* [Records drawn from a dataset]:
-=-=-=-=-
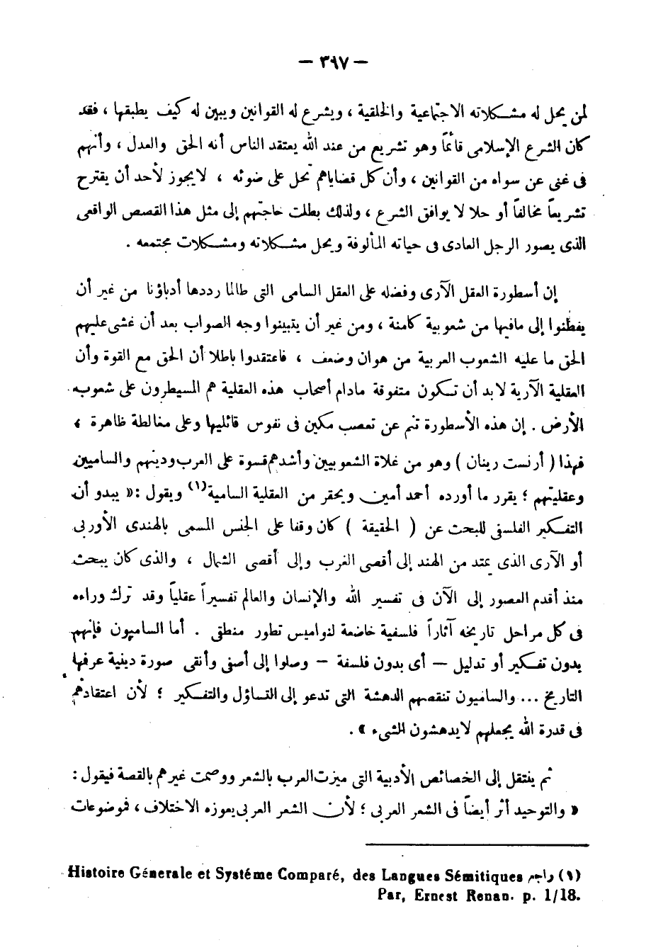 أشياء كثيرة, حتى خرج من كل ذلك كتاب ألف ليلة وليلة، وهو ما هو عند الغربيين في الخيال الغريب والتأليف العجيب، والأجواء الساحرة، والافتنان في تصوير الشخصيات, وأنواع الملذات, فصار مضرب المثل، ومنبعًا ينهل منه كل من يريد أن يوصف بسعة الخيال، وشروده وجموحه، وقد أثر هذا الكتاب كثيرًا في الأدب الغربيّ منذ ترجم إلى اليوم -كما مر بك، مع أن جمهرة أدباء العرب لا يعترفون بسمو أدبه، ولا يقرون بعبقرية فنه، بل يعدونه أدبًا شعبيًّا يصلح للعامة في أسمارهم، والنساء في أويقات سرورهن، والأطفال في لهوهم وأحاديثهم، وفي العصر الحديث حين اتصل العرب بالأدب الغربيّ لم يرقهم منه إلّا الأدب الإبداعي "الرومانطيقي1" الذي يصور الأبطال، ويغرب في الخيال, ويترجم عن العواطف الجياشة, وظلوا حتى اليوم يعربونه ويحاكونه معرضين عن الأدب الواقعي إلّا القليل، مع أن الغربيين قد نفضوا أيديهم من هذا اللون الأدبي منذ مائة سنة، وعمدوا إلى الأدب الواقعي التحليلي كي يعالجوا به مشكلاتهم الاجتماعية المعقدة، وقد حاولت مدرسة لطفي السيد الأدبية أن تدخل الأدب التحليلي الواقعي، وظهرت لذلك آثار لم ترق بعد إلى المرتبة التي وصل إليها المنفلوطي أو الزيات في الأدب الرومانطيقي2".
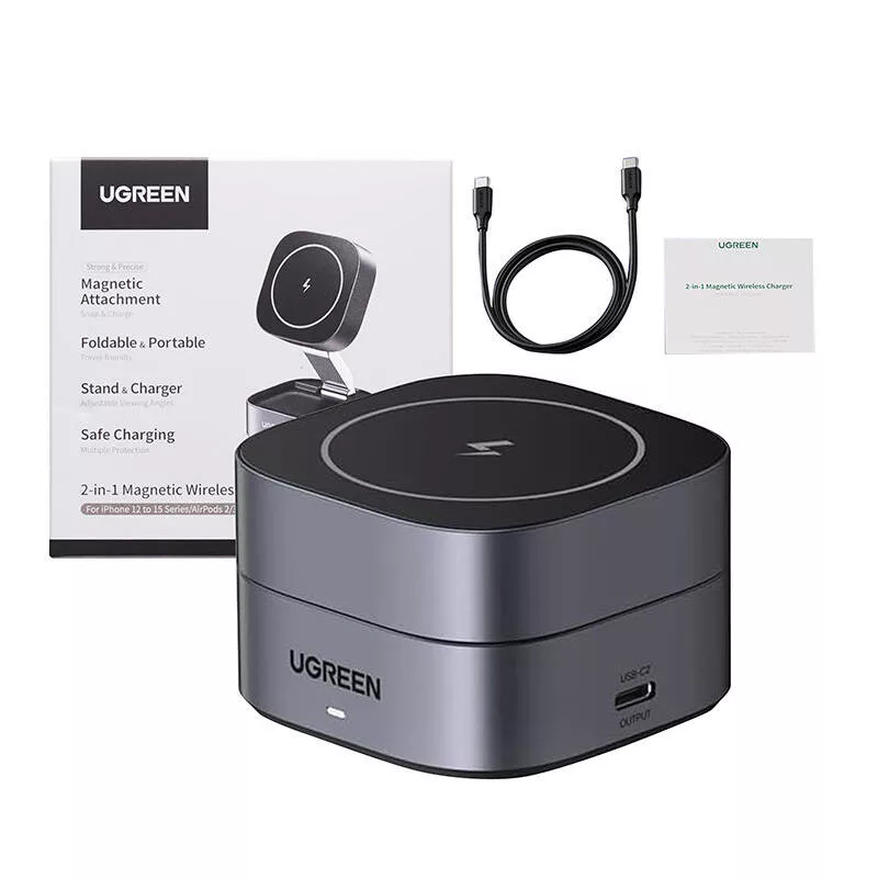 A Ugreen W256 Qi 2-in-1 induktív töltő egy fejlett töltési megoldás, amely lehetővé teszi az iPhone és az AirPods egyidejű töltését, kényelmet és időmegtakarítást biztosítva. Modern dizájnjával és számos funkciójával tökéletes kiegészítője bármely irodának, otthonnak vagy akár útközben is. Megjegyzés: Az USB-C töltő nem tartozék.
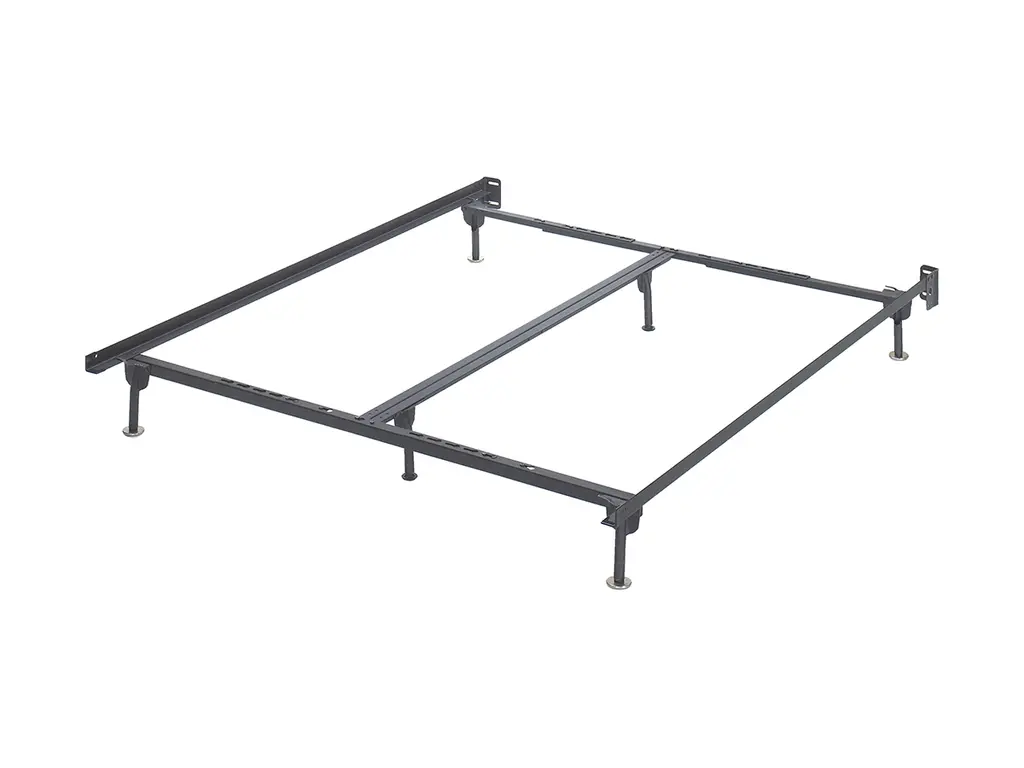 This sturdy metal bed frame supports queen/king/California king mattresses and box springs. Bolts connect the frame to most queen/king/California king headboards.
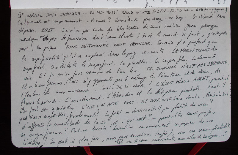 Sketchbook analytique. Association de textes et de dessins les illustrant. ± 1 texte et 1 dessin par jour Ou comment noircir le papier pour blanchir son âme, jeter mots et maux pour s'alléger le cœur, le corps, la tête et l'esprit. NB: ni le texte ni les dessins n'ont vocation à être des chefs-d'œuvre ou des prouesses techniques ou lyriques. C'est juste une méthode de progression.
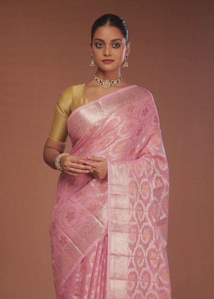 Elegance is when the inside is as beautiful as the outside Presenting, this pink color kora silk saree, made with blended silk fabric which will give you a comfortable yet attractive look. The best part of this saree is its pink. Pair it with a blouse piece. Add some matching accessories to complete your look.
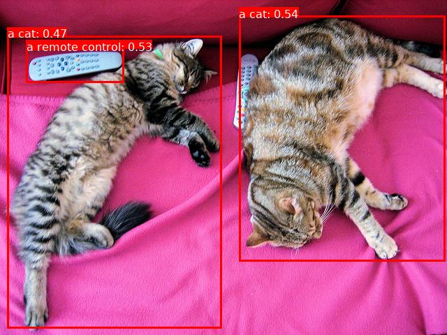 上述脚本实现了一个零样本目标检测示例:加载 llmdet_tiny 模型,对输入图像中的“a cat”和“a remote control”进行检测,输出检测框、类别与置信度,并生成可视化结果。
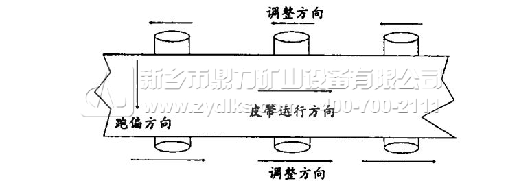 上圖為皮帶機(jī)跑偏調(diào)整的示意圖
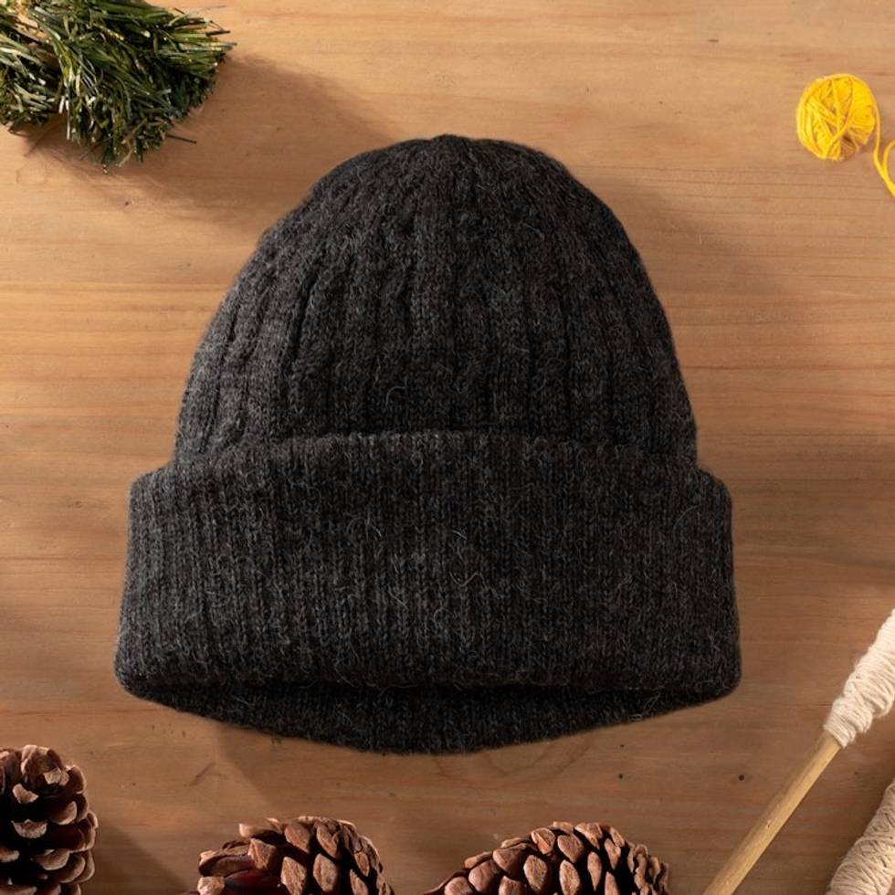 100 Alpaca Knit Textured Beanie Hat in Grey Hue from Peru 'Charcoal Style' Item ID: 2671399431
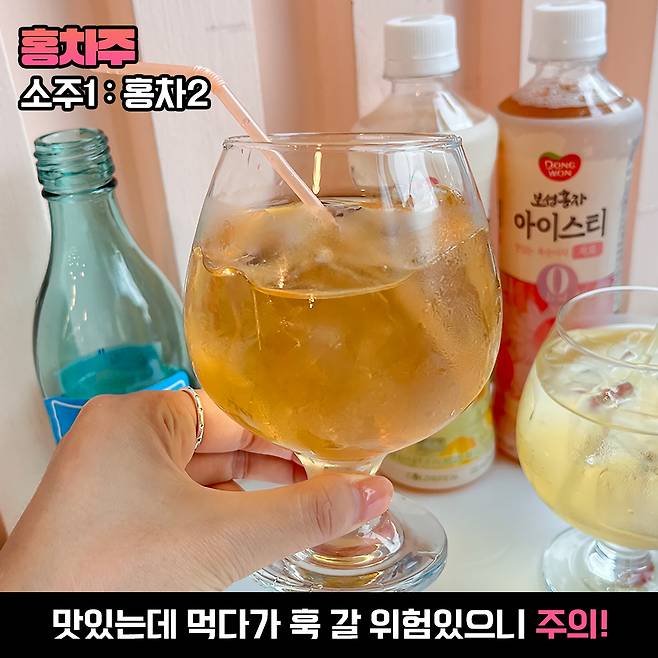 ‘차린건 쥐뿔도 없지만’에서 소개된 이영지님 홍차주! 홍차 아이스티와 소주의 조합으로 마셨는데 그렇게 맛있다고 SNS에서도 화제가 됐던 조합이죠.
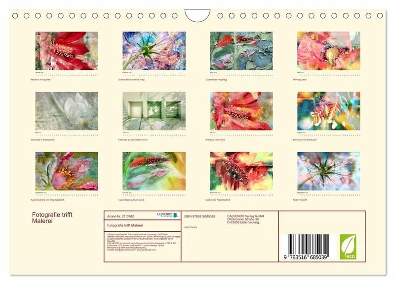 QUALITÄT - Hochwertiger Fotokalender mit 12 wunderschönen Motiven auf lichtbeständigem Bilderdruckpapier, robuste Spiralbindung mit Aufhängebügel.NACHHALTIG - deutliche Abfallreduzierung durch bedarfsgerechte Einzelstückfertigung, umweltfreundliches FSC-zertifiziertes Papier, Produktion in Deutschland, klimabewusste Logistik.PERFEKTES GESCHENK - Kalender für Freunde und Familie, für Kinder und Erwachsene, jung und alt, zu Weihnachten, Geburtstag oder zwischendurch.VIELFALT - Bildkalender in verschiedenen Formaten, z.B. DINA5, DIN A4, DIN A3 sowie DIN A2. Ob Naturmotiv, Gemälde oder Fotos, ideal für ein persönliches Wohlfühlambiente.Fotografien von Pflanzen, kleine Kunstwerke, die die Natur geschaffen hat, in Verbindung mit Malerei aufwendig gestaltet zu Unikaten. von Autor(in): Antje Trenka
-=-=-=-=-
* [TASK REQUIREMENTS]: Copy exactly the lines of the entries above from the one containing "100 Alpaca Knit" through the one containing "화제가 됐던 조합이죠.". Both end lines count; pictures do not.

* [TASK SOLUTION]:
 100 Alpaca Knit Textured Beanie Hat in Grey Hue from Peru 'Charcoal Style' Item ID: 2671399431
 ‘차린건 쥐뿔도 없지만’에서 소개된 이영지님 홍차주! 홍차 아이스티와 소주의 조합으로 마셨는데 그렇게 맛있다고 SNS에서도 화제가 됐던 조합이죠.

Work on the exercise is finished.